When it comes to pulling back "sets" of data or using alternate keys, then MongoDB is probably your best "crossover" here. Many NoSQL DBs have limited querying functions, especially on non-key fields. Of course, that's kind of the point of "Key-Value stores", so Mongo is kind of a mutant here.
The last I checked with Cassandra, there was definitely some "hoop-jumping" involved to really support ad-hoc non-key queries. And CouchDB seems to point to "just Map / Reduce".
That stated, I believe that there is motion from several NoSQL dbs to support such ad-hoc querying mechanism. So this answer could be completely wrong in 2 months :)

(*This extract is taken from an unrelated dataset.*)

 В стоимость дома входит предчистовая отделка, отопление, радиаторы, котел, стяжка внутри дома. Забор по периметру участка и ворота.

CouchDB and MongoDB really search over each document with JavaScript?

From what I understand about these two "Not only SQL" databases. They search over each record and pass it to a JavaScript function you write which calculates which results are to be returned by looking at each one.
Is that actually how it works? Sounds worse than using a plain RBMS without any indexed keys.

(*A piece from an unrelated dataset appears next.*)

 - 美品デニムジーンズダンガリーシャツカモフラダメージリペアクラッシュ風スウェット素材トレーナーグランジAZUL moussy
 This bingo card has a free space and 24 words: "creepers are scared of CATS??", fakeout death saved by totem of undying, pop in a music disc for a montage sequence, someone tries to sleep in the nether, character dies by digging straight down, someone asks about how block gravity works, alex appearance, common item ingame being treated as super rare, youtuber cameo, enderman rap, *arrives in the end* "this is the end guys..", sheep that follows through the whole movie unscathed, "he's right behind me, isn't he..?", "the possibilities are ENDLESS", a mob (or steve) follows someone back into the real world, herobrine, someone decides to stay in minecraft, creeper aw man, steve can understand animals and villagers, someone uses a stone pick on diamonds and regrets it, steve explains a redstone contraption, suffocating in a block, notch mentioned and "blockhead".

I built my schemas so they don't require join operations which leaves me with simple searches on indexed int columns. In other words, the columns are in RAM and a quick value check through them (WHERE user_id IN (12,43,5,2) or revision = 4) gives the database a simple list of ID's which it uses to find in the actual rows in the massive data collection.
So I'm trying to imagine how in the world looking through every single row in the database could be considered acceptable (if indeed this is how it works). Perhaps someone can correct me because I know I must be missing something.
#Xeoncross
I built my schemas so they don't require join operations which leaves me with simple searches on indexed int columns. In other words, the columns are in RAM and a quick value check through them (WHERE user_id IN (12,43,5,2) or revision = 4)

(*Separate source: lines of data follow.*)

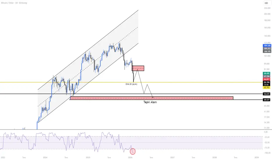 Ana Düşüş Senaryosu: Yukarıdaki likidite alındıktan ve boşluk dolduktan sonra, satış baskısının artmasıyla birlikte fiyatın asıl "Tepki Alanı" olarak belirlediğimiz 54K civarına geleceğini ve bu bölgeden tekrar bir tepki alacağını söyleyebiliriz. Burası güçlü bir destek bölgesi ve burada muhtemel short işleminde olanlar TP alarak karlarını realize edeceklerdir ilk güçlü düşüş hedefi burası. Eğer fiyat geri çekilmezse ve EMA20 altına aylıkta sarkarak ilerleyebilirsede burası en güçlü destek bölgesi olarak çalışacaktır.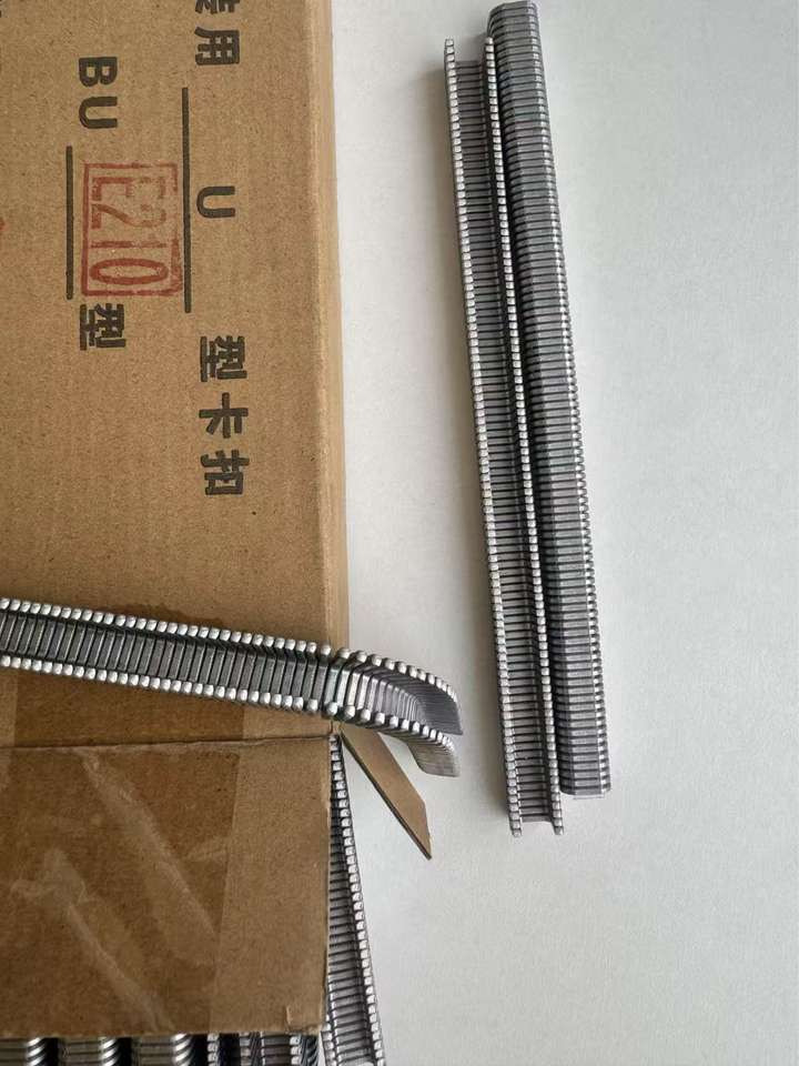 Clips en U E200 pour l'emballage sécurisé des aliments et des boissons, matériaux en bois et en papier, dimensions 29x26x24.5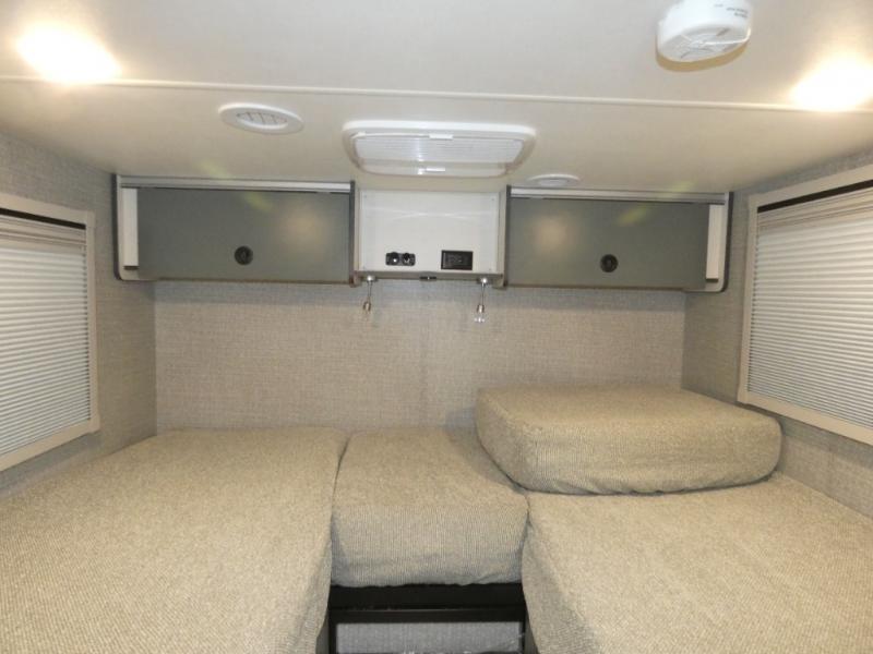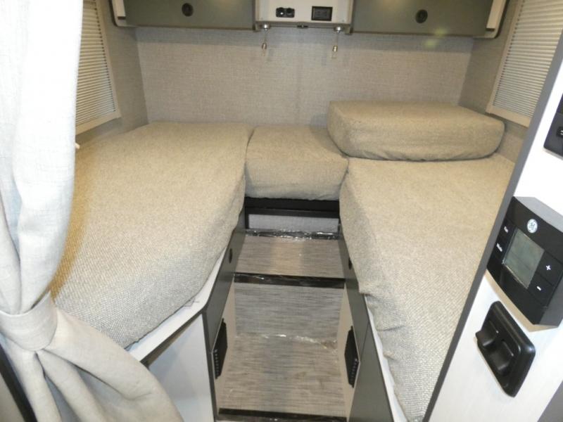 This EKKO all-wheel drive Class C gas motorhome is just unbelievably functional! Not only do you have plenty of storage space for all of your gear with the gear garage, under-bed storage, pantry, and 5.3-cubic foot refrigerator, but you also have a 24" x 30" wet bath with a pivoting lavatory wall so you can stay clean without having to stop at rest areas along the way. The cab area is excellently appointed with a radio/rearview monitor system, swivel/recline cab seats, and many driving safety features. Since the cab seats can swivel, you can use them as another place to sit down and eat at the fold-down table, and you can also use the swivel/adjustable work table for the passenger cab seat or as an extended countertop in the kitchen.

Well then, you'll love MongoDB. MongoDB support indexes so you can index user_id and revision and this query will be able to return relatively quickly.
However, please note that many NoSQL DBs only support Key lookups and don't necessarily support "secondary indexes" so you have to do you homework on this one.
So I'm trying to imagine how in the world looking through every single row in the database could be considered acceptable (if indeed this is how it works).
Well if you run a query in an SQL-based database and you don't have an index that database will perform a table scan (i.e.: looking through every row).
They search over each record and pass it to a JavaScript function you write which calculates which results are to be returned by looking at each one.
So in practice most NoSQL databases support this. But please never use it for real-time queries. This option is primarily for performing map-reduce operations that are used to summarize data.
Here's maybe a different take on NoSQL. SQL is really good at relational operations, however relational operations don't scale very well. Many of the NoSQL are focused on Key-Value / Document-oriented concepts instead.
SQL works on the premise that you want normalized non-repeated data and that you to grab that data in big sets. NoSQL works on the premise that you want fast queries for certain "chunks" of data, but that you're willing to wait for data dependent on "big sets" (running map-reduces in the background).
It's a big trade-off, but if makes a lot of sense on modern web apps. Most of the time is spent loading one page (blog post, wiki entry, SO question) and most of the data is really tied to or "hanging off" that element. So the concept of grabbing everything you need with one query horizontally-scalable query is really useful.
It's the not the solution for everything, but it is a really good option for lots of use cases.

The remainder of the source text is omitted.